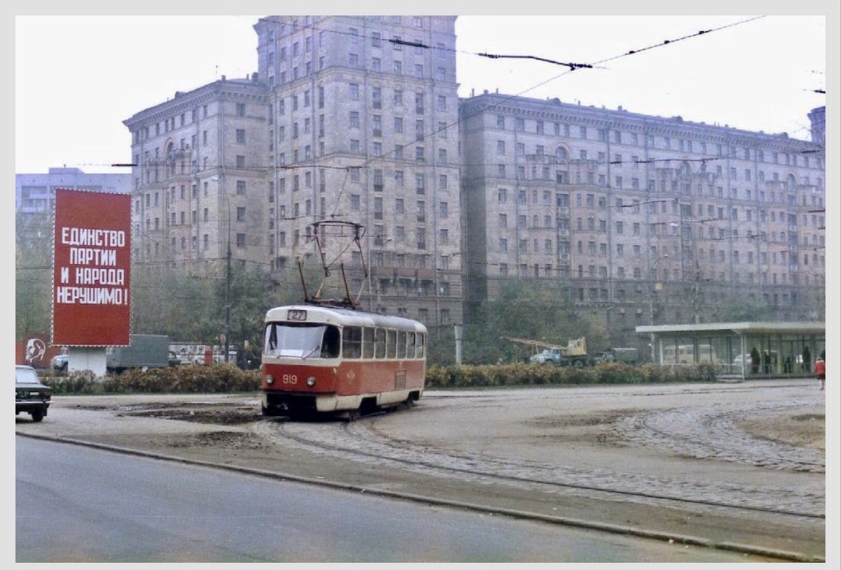 Давайте совершим очередное путешествие сквозь время, прогуляемся по волнам нашей памяти, вспомним, как жили тогда и посмотрим, что изменилось за прошедшие годы. Поехали! ... На фото Ленинградское шоссе у станции метро "Войковская", справа видно вход. Это вид от улицы Зои и Александра Космодемьянских. Тогда ещё считали, что "Единство партии и народа нерушимо", а через несколько лет разрушились и единство и СССР. Фото 1985 года, Гордон Стюарт Вид с тех пор не изменился, только трамваи теперь другие ходят и на входе в метро установили новый павильон Одной из точек притяжения у метро "Войковская" тогда был кинотеатр "Варшава". Фото 1980-х годов Кинотеатр давно закрылся, здание за прошедшие годы не раз переделывали и использовали под разные цели А это автобусная станция у метро "Войковская", в Старопетровском проезде. Вид от Ленинградского шоссе. Фото 1988 года, Александр Шанин Сейчас автостанция занимает лишь треть от старой территории, на части построили тц, а другая используется под парк
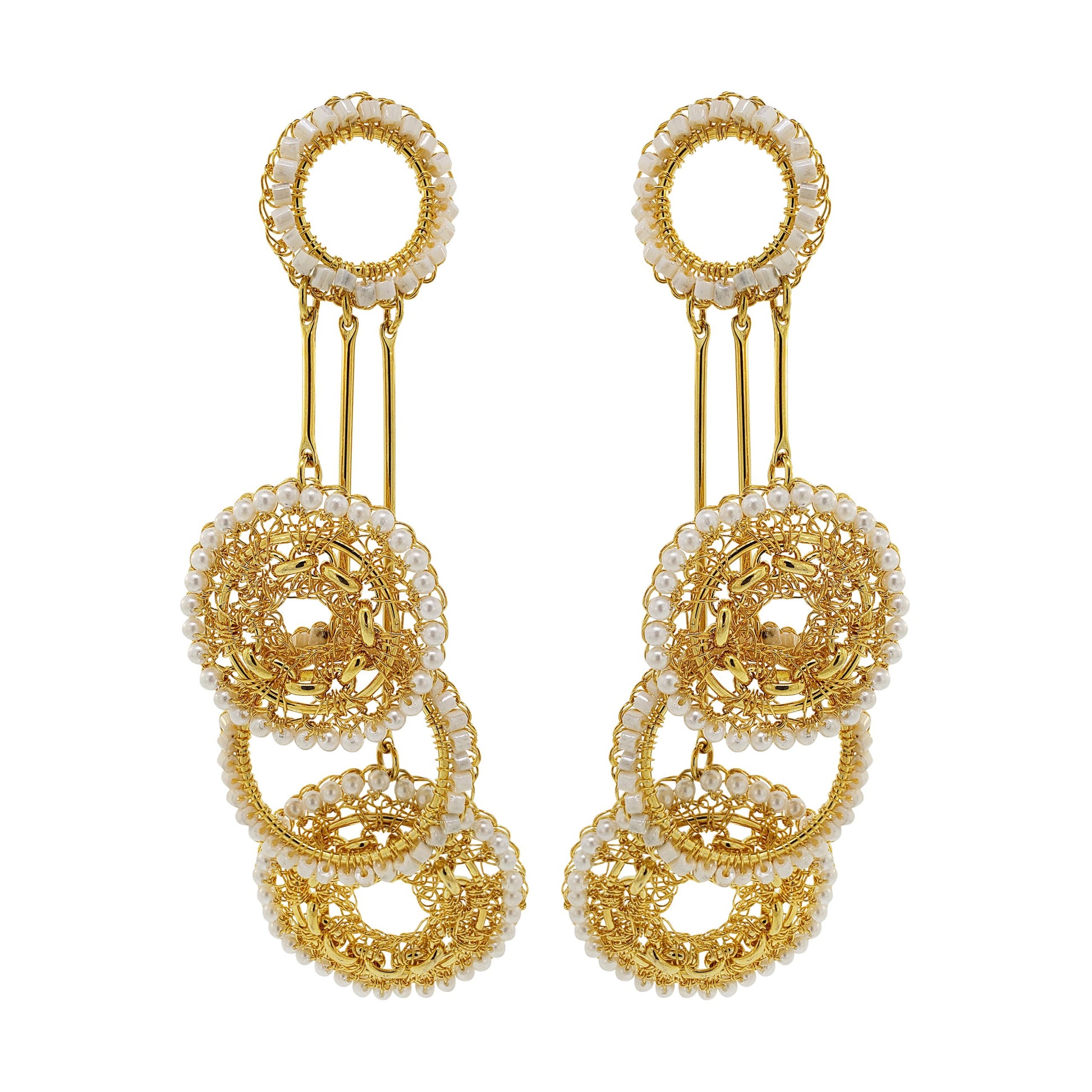 Pearl & Gold Flux Chandelier Handmade Crochet Earrings
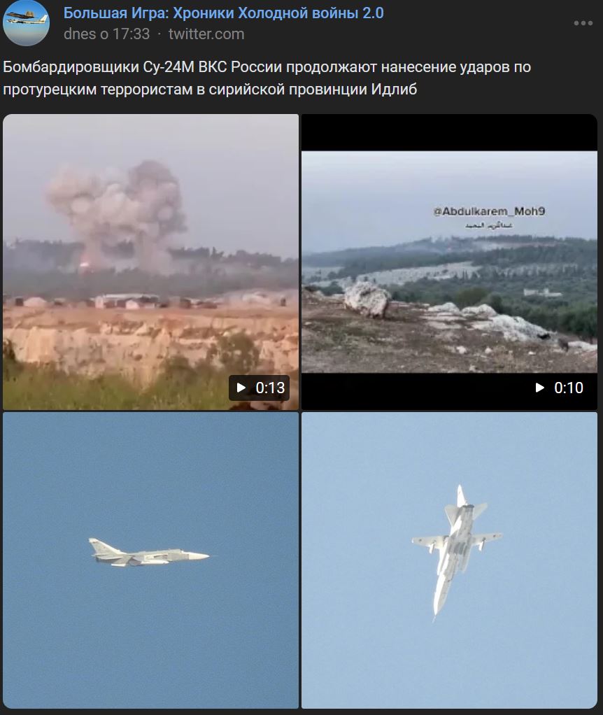 Bombardéry Su-24M (Су-24М) VKS Ruska pokračujú v úderoch proti protureckým teroristom v sýrskej provincii Idlib
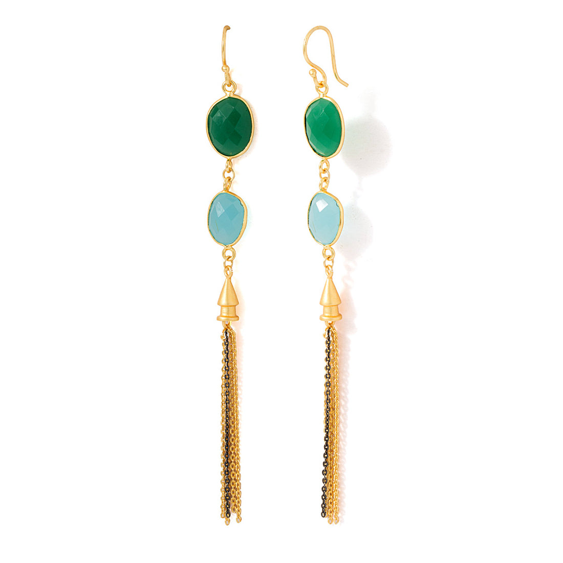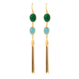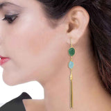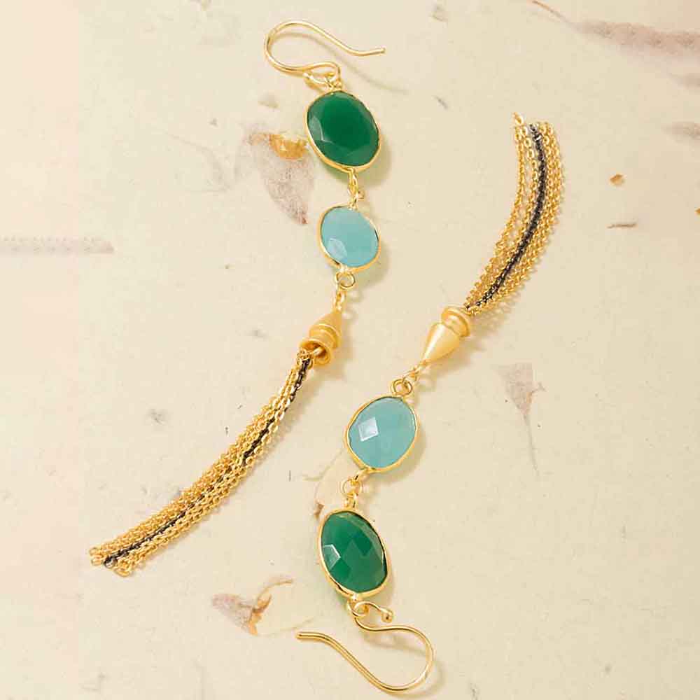 Elate your divine beauty with this beautiful statement pair of earrings. It is studded with green onyx and divine blue aquamarine stone is perfect for fashion forward women.
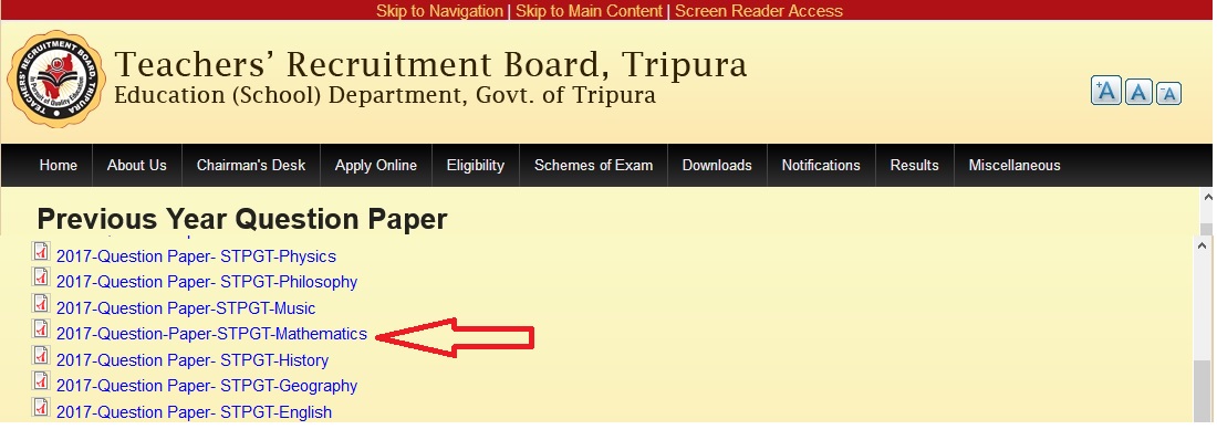 Question Paper of TRB Tripura Selection Test for Post Graduate Teachers Mathematics Question Paper 2017 is now available in the official website of Teachers’ Recruitment Board, Tripura.
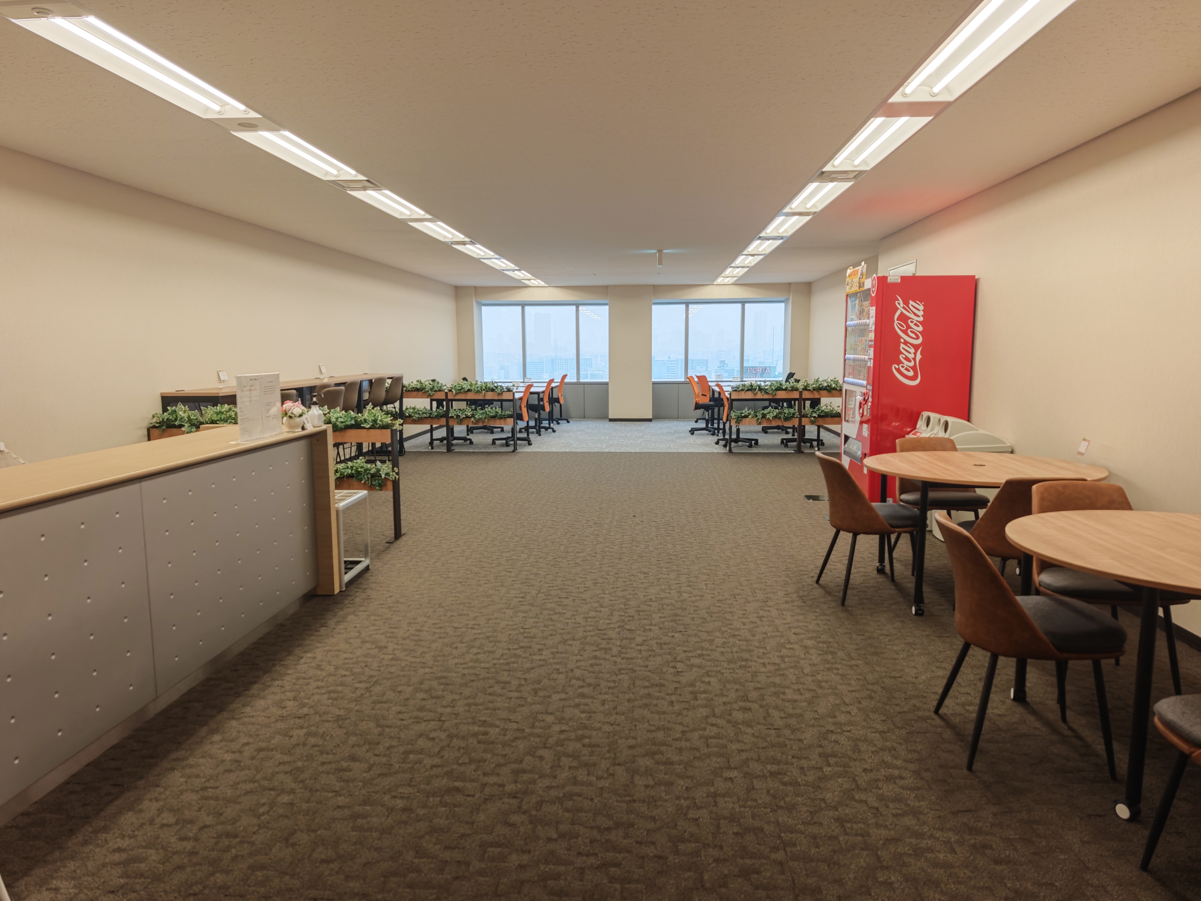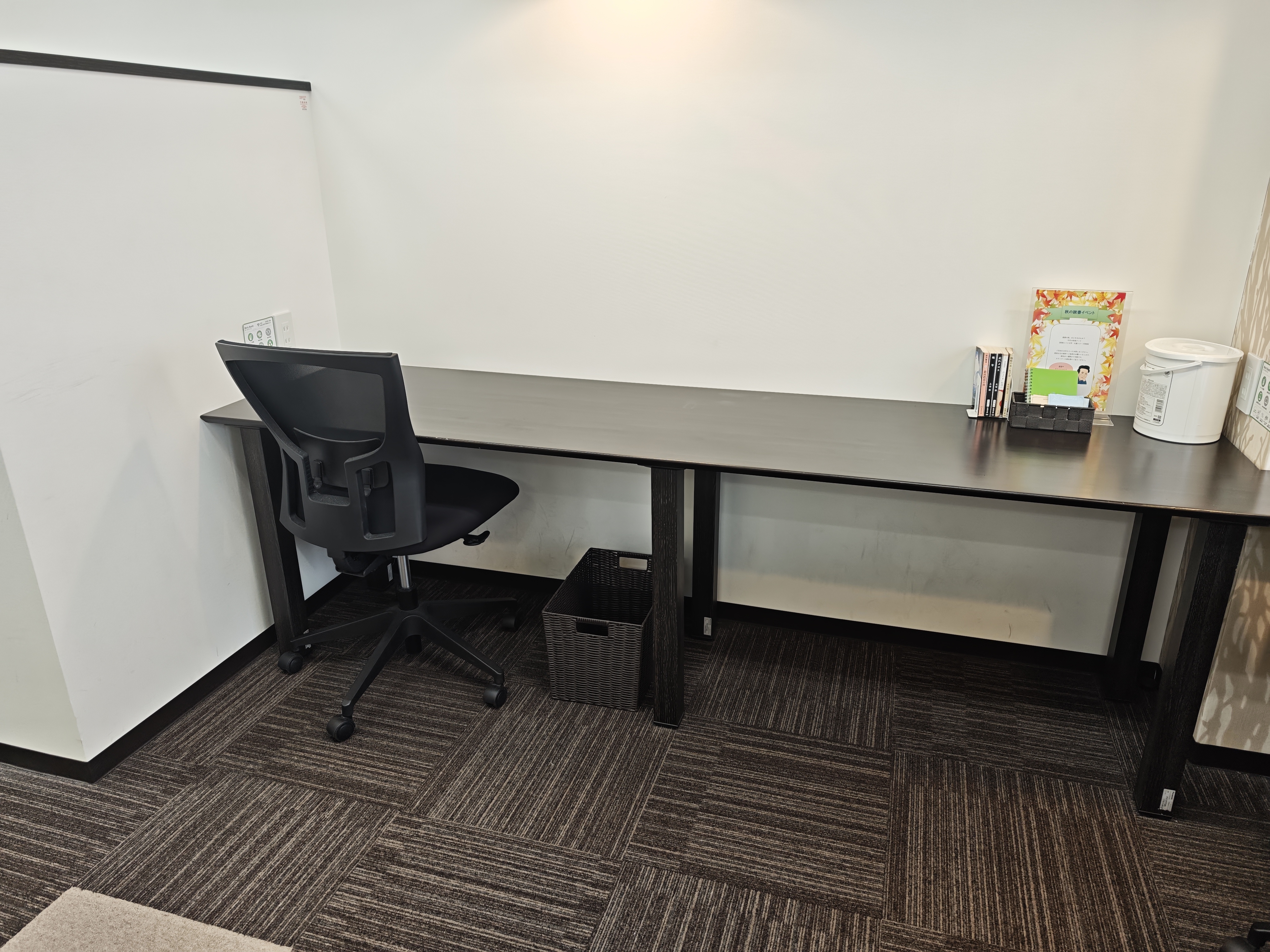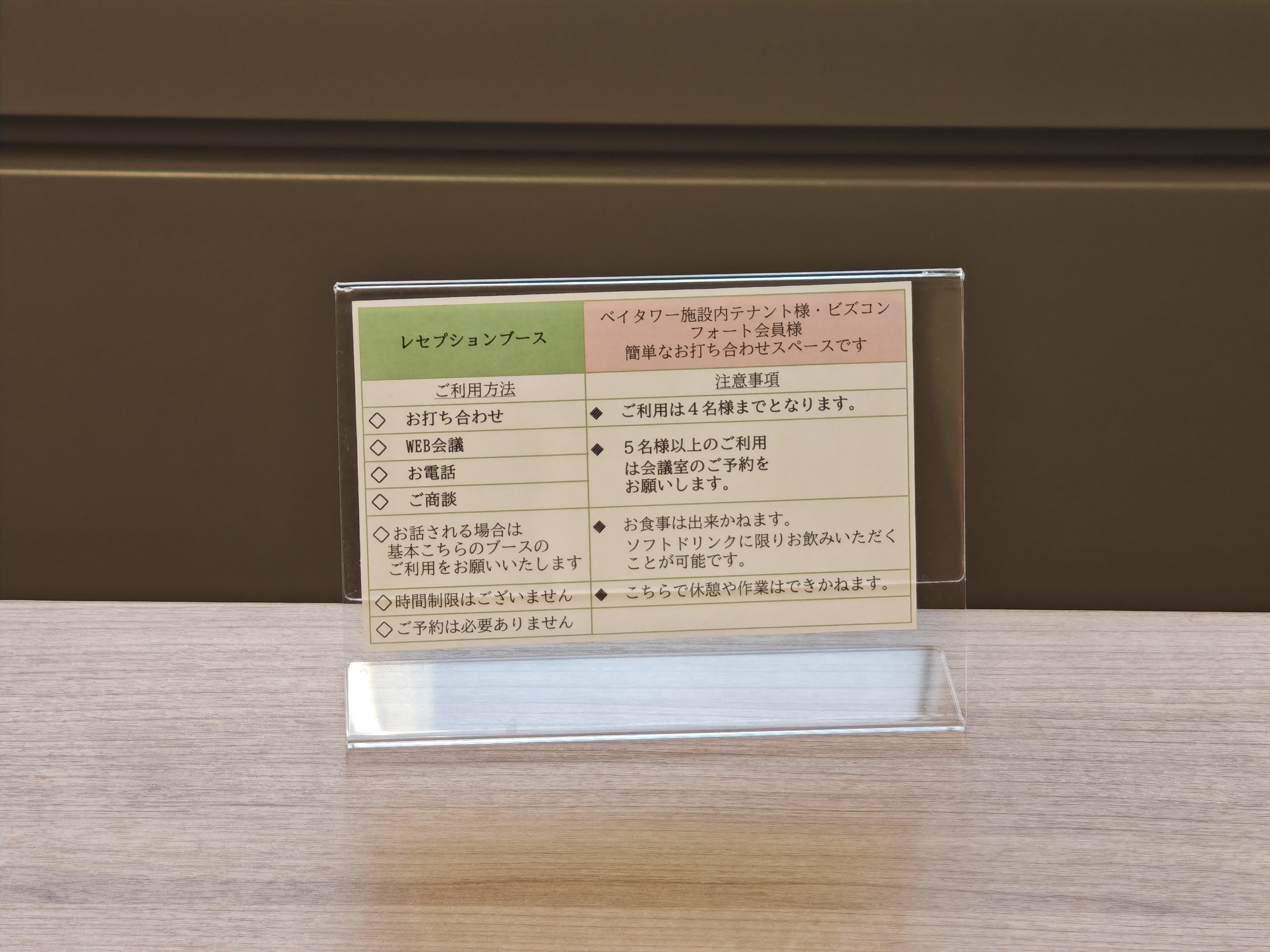 奥はレセプションブース。こちらは打ち合わせやWeb会議、電話などが可能ですが作業は出来ません。

Task item: Once the line containing "Question Paper of" is found, copy it and each line after it through the end of the entries above exactly; nothing else, and no pictures.

Task answer:
 Question Paper of TRB Tripura Selection Test for Post Graduate Teachers Mathematics Question Paper 2017 is now available in the official website of Teachers’ Recruitment Board, Tripura.
 奥はレセプションブース。こちらは打ち合わせやWeb会議、電話などが可能ですが作業は出来ません。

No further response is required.